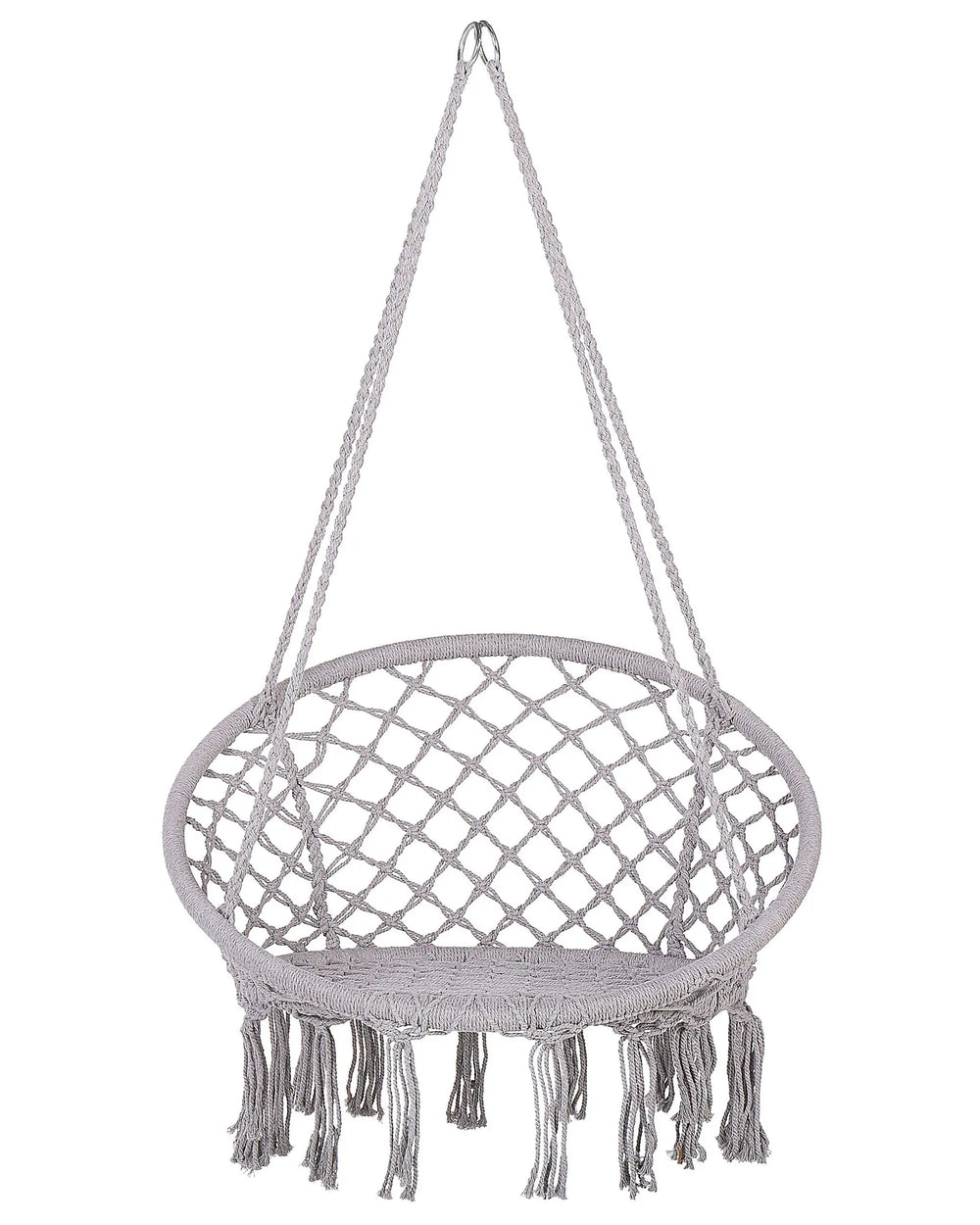 Hanging Chair Grey Macrame Plaited Seat Indoor Swing Chair Boho Style Beliani
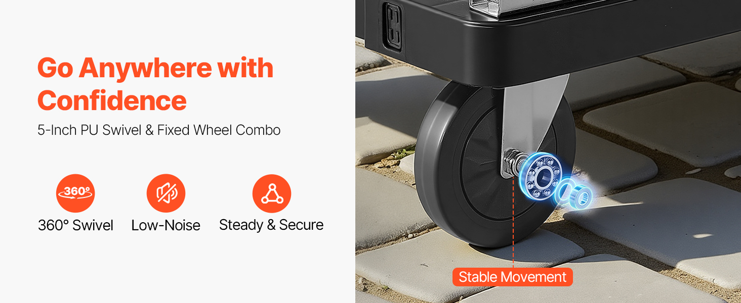 Vďaka veľkým otočným a pevným kolieskam sa tento skladací vozík s plochou ložnou plochou hladko kĺže a ľahko otáča. Zostáva stabilný na rôznych povrchoch v interiéri aj exteriéri.
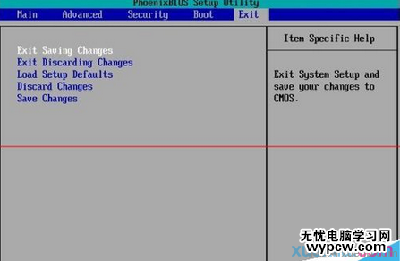 設(shè)置好啟動順序后,按右方向鍵,選到“Exit”項。選擇“Exit Saving Changes”項,按回車。對CMOS進行更改后需要保存,設(shè)置才會生效。
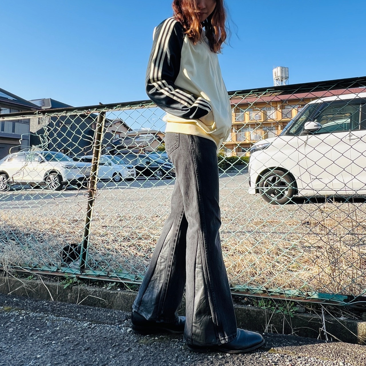 ブルーデニムでは合わせにくかったアイテムもブラックデニムならすんなりと合わせられる。
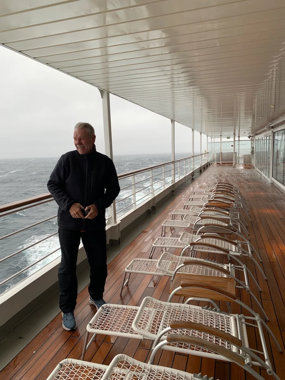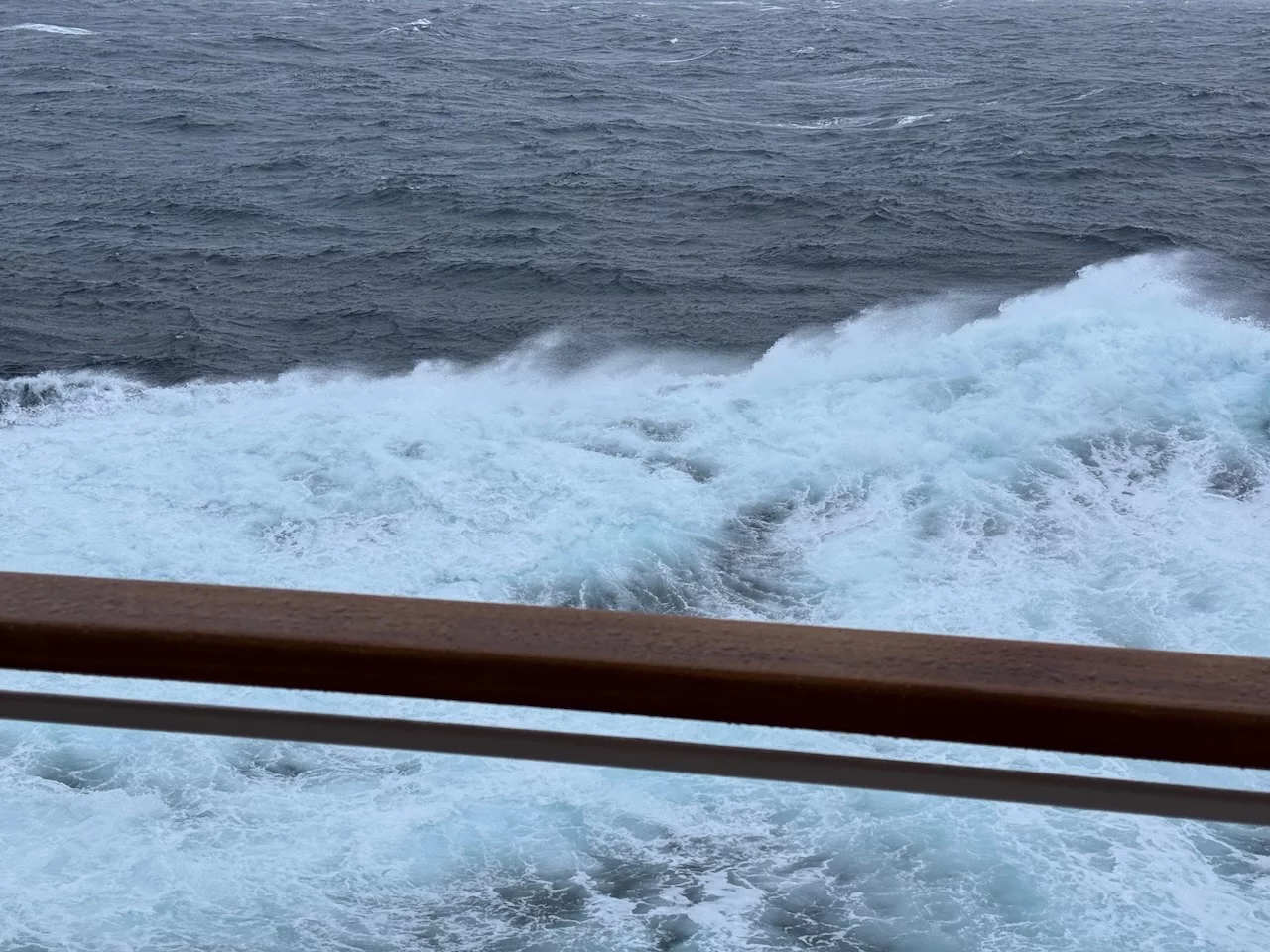 Der große Nachteil ist, dass diese Naturgewalten das Schiff deutlich einbremsen. Damit ist unsere geplante Ankunftszeit von 12:00 Uhr am Mittwoch nicht zu halten, wie uns der Kapitän in seiner täglichen „Morgenpredigt“ mitteilte. Unsere Geschwindigkeit lag nur noch bei 12-13 Knoten, geplant waren eigentlich 19 Knoten, also quasi Vollgas.
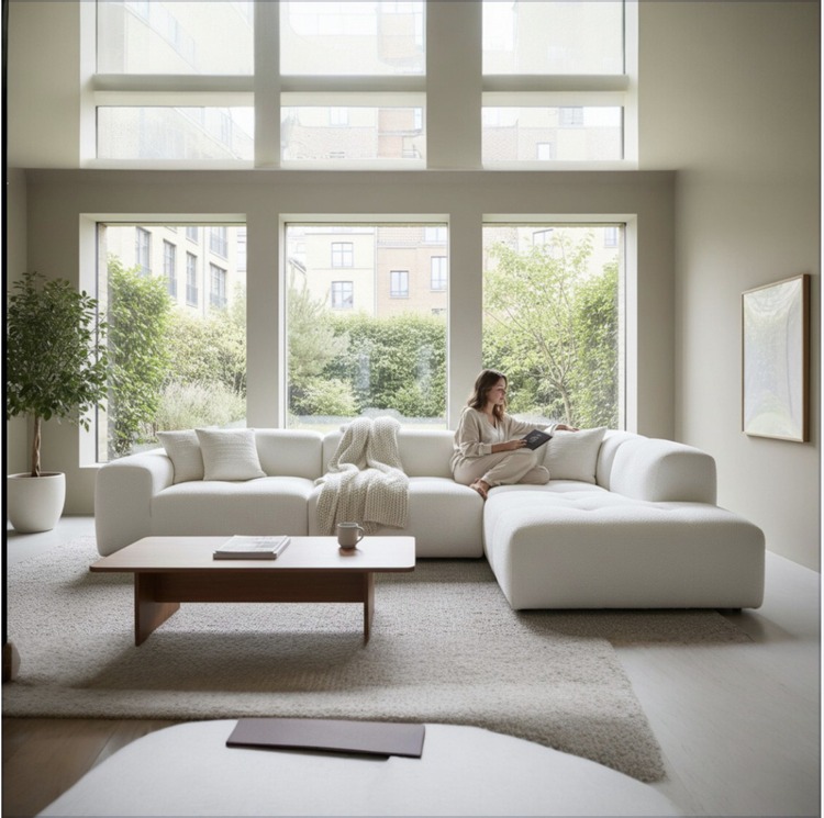 “A modern corner sofa designed for ultimate comfort and style. With its spacious seating, soft layered cushioning, and elegant rounded lines, it creates the perfect place to relax, unwind, and enjoy everyday moments. Crafted with premium materials, it blends contemporary design with cozy sophistication—making it a standout centerpiece for any living space.” Fully Sectional pieces.
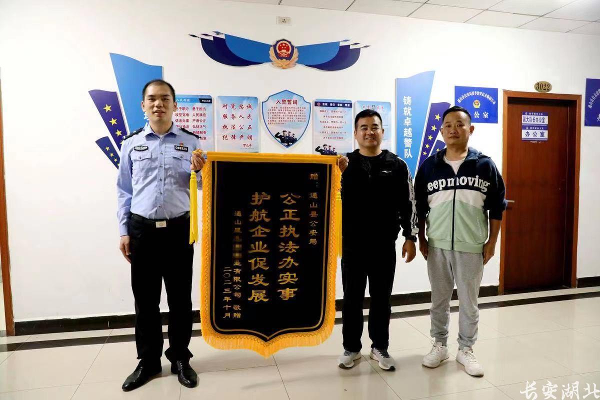 “感谢公安机关打击犯罪,为企业挽回损失!”10月24日,咸宁市通山县经济开发区一回乡投资重点企业将一面写有“公正执法办实事、护航企业促发展”的锦旗送到县公安局民警手上,表达对公安机关打击犯罪、追赃挽损的感谢。

■ ■ ■ ■ ■ ■ ■

__TASK DIRECTIONS__: Please reproduce the listing exactly, leaving out any pictures.

__TASK OUTPUT__:
 Hanging Chair Grey Macrame Plaited Seat Indoor Swing Chair Boho Style Beliani
 Vďaka veľkým otočným a pevným kolieskam sa tento skladací vozík s plochou ložnou plochou hladko kĺže a ľahko otáča. Zostáva stabilný na rôznych povrchoch v interiéri aj exteriéri.
 設(shè)置好啟動順序后,按右方向鍵,選到“Exit”項。選擇“Exit Saving Changes”項,按回車。對CMOS進行更改后需要保存,設(shè)置才會生效。
 ブルーデニムでは合わせにくかったアイテムもブラックデニムならすんなりと合わせられる。
 Der große Nachteil ist, dass diese Naturgewalten das Schiff deutlich einbremsen. Damit ist unsere geplante Ankunftszeit von 12:00 Uhr am Mittwoch nicht zu halten, wie uns der Kapitän in seiner täglichen „Morgenpredigt“ mitteilte. Unsere Geschwindigkeit lag nur noch bei 12-13 Knoten, geplant waren eigentlich 19 Knoten, also quasi Vollgas.
 “A modern corner sofa designed for ultimate comfort and style. With its spacious seating, soft layered cushioning, and elegant rounded lines, it creates the perfect place to relax, unwind, and enjoy everyday moments. Crafted with premium materials, it blends contemporary design with cozy sophistication—making it a standout centerpiece for any living space.” Fully Sectional pieces.
 “感谢公安机关打击犯罪,为企业挽回损失!”10月24日,咸宁市通山县经济开发区一回乡投资重点企业将一面写有“公正执法办实事、护航企业促发展”的锦旗送到县公安局民警手上,表达对公安机关打击犯罪、追赃挽损的感谢。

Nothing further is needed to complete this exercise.